How can the polynomial 6d^4+9d^3-12d^2 be factored?
the answers for unit 4, lesson 2, in connections academy are
b
c
a
d
d
the answers are actually
d
c
a
d
d
yw :)
Zoie is right 100%
Well, factoring this polynomial is no joke, but I'll give it a shot! Let's see if we can find some common terms or factors.
First, let's look at the coefficients 6, 9, and -12. What do they have in common? They are all divisible by 3. So, let's factor out a 3 from each term, and we get:
3(2d^4 + 3d^3 - 4d^2)
Now, let's see if we can find any common terms or factors within the parentheses. We can see that each term has a factor of d^2, so let's factor that out, too:
3d^2(2d^2 + 3d - 4)
And there you have it! The polynomial 6d^4 + 9d^3 - 12d^2 can be factored as 3d^2(2d^2 + 3d - 4). Keep spreading laughter in your Math class!
To factor the polynomial 6d^4 + 9d^3 - 12d^2, we can follow these steps:
Step 1: Look for the common factor
First, we check if there is a common factor among the terms in the polynomial. In this case, we can factor out 3d^2, as it is a common factor for all terms:
Common factor: 3d^2
Factored polynomial: 3d^2(2d^2 + 3d - 4)
Step 2: Factor the remaining quadratic expression
Next, we focus on factoring the remaining quadratic expression 2d^2 + 3d - 4. This can be done using factoring techniques or the quadratic formula. However, in this case, the quadratic expression does not factor nicely.
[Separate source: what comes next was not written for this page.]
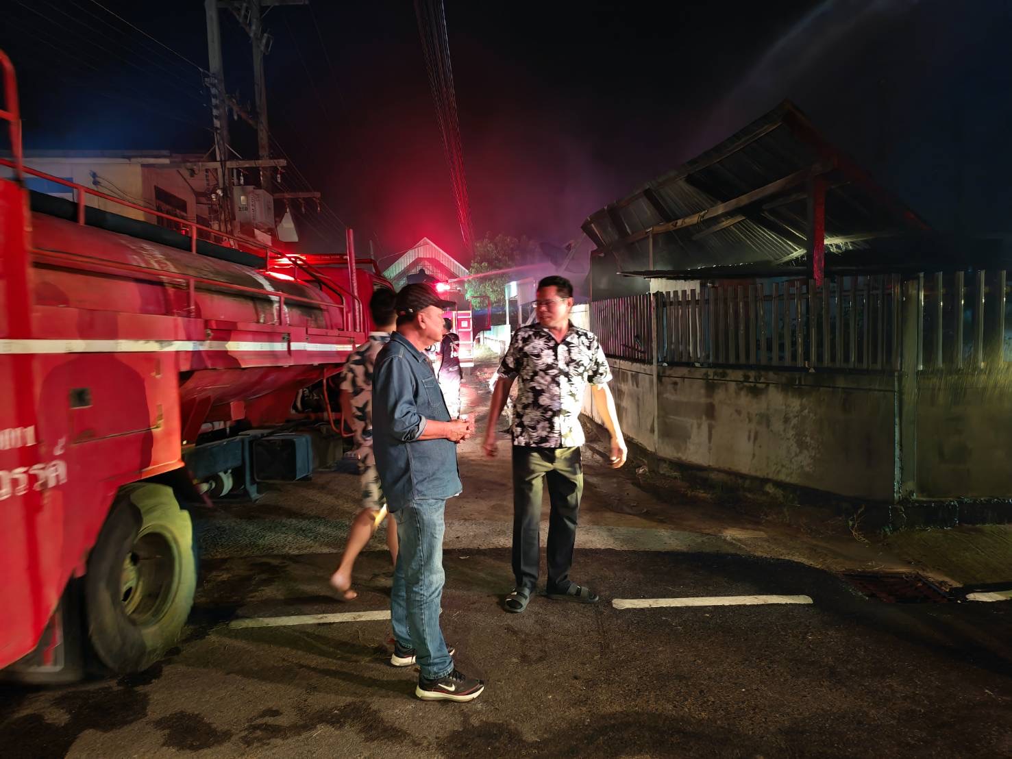 นายสุทิน อายะ อายุ 56 ปี เพื่อนบ้านซึ่งพักอาศัยอยู่ฝั่งตรงข้าม เล่าว่า ขณะเกิดเหตุตนนอนดูโทรทัศน์อยู่ภายในบ้าน ก่อนสังเกตเห็นแสงสว่างผิดปกติจึงออกไปดู พบไฟกำลังลุกไหม้บ้านของนายประสงฆ์ จึงตะโกนแจ้งว่าไฟไหม้ ทำให้คนในบ้านรีบวิ่งหนีออกมา รวมถึงเจ้าของบ้าน และมีเด็กชายวัย 13 ปี วิ่งออกมาพร้อมบอกให้ช่วยคนที่อยู่ชั้นสอง อย่างไรก็ตาม ตนยืนยันว่าทุกคนสามารถหนีออกมาได้ทัน

Therefore, we proceed to use the quadratic formula to find the roots.
The quadratic formula is given by:
x = (-b ± √(b^2 - 4ac)) / (2a)
For our quadratic expression 2d^2 + 3d - 4, we have:
a = 2, b = 3, c = -4
Using the quadratic formula, we calculate the roots:
d = (-3 ± √(3^2 - 4(2)(-4))) / (2(2))
d = (-3 ± √(9 + 32)) / 4
d = (-3 ± √41) / 4
Since the roots do not simplify, we leave them as (-3 ± √41) / 4.
Step 3: Write the factored form
By combining the common factor and the quadratic roots, we can express the factored form of the original polynomial:
Factored polynomial: 3d^2(2d - (-3 + √41)/4)(2d - (-3 - √41)/4)
Please note that the quadratic expression may not always factor in simple terms, and resorting to the quadratic formula or other methods may be necessary.
6d^4+9d^3-12d^2
first, factor out the d^2
d^2(6d^2+9d-12)
Now, how about a 3?
3d^2(2d^2+3d-6)
Now, note that the discriminant is 57, so the roots will contain √57. No rational roots exist. Can't factor it any further using integers.